Adding debugging information to help app developers trace broadcast storms

julianna-langston commented 5 months ago

Enhancement Request

Use Case:

I’m building FDC3-enabled apps for demo purposes. For the sake of argument, let’s say I have a Price App that receives symbol contexts, and broadcasts price information. I also have an Order App that listens for price information, and sometimes broadcasts symbols. As you can imagine, the Price App and Order App can easily get into a situation where they bounce off of each other infinitely. (This is similar to the “broadcast storm” problem that rises in the Networking field).

Reference

flowchart LR;
    A[type = fdc3.instrument, symbol = MSFT]-->B([Price App]);
    B-->C[type = fdc3.valuation, price = 100];
    C-->D([Order App]);
    D-->A;

This was the kind of bug that was obvious in retrospect, but took some time to find. Since I was working on both the Price App and the Order App, I wound up adding metadata to the price and symbol contexts that were being broadcast. I added the metadata {threadId: “my-uuid-1"} to the price information. Then, when the Order App was “responding” to a context, it would pass along the threadId of the context it was “responding” to. Using this metadata, I was able to trace these psuedo-threads, and figure out where my storms were generating from.

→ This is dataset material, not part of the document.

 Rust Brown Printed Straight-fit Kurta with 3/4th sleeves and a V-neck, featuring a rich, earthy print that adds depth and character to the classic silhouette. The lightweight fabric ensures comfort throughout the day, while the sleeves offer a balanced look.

It strikes me that I’m probably not the first person (and certainly not the last) who’s going to encounter these kinds of problems. The standard feels like the ideal place to lay out groundwork for how this situation would best be handled.

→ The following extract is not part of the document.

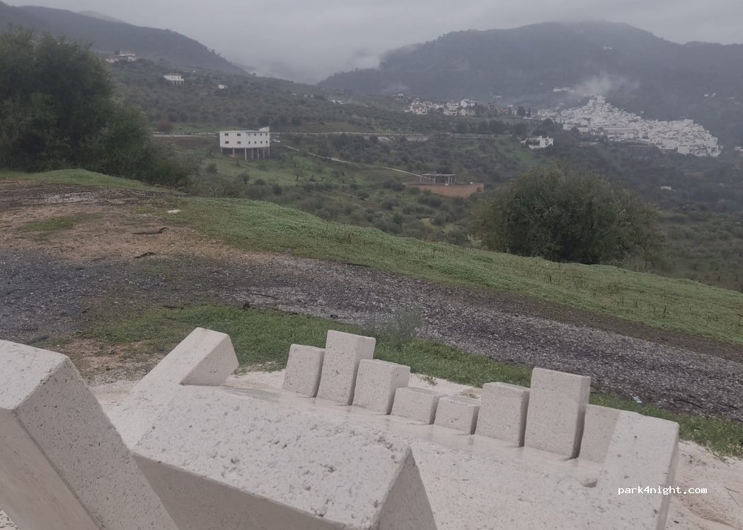 Rest area with tables, trees and offset from the road (not very busy). Nice panoramic view of Tolox and its surroundings (cannot be seen in the photos because the weather was not nice ...). No services but source nearby! About ten places horizontally.

Summary: When 2+, independent apps respond to a series contexts/intents, it's possible to generate an infinite loop. What tools can we provide to help debug and/or prevent these infinite loops?

Proposal

Desktop Agents would add metadata to contexts and intents if that metadata doesn’t already exist. That metadata would have the property traceId, with a value in the style of a uuid v4.

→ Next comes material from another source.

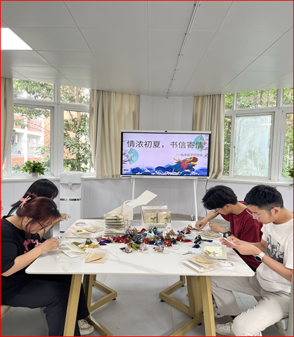 佩带香囊既是一种民俗,也是一种预防疾病的方法。6月16日,社区举办“巧制香囊 祝福常在”活动。同学们在裁剪、填充、缝合、收口等步骤中,互相交流,互相学习,在一针一线中,倾注自己的祝福,并将活动中优秀诗歌写在贺卡上表达对亲朋好友的祝福与问候,共同感受着传统文化的魅力。

When app developers listen for contexts/intents and “responding” to them, they would pass along the traceId of the context/intent that they’re “responding” to.

The Desktop Agent can track the number of messages using the same traceId, determine if a storm is brewing, and put a lid on it. I defer to the desktop agents themselves about how they would detect storms, and what they would do to stop them.

Workflow Example

Here is an example of how the proposal could work.

Price App broadcasts the following code:

{
  "type": "fdc3.instrument",
  "symbol": "MSFT"
}

The Desktop Agent injects a traceId into it, so that Order App receives:

{
  "type": "fdc3.instrument",
  "symbol": "MSFT",
  "traceId": "699381f3-284f-4014-a476-e114ef951cef"
}

The Order App will then send off price information about MSFT. Since it's responding to a context, it will include the traceId of the context it's responding to.

{
  "type": "fdc3.valuation",
  "price": 100,
  "CURRENCY_ISOCODE": "USD",
  "traceId": "699381f3-284f-4014-a476-e114ef951cef"
}

Then, when the price app receives this fdc3.valuation context, it will continue to forward the same traceId.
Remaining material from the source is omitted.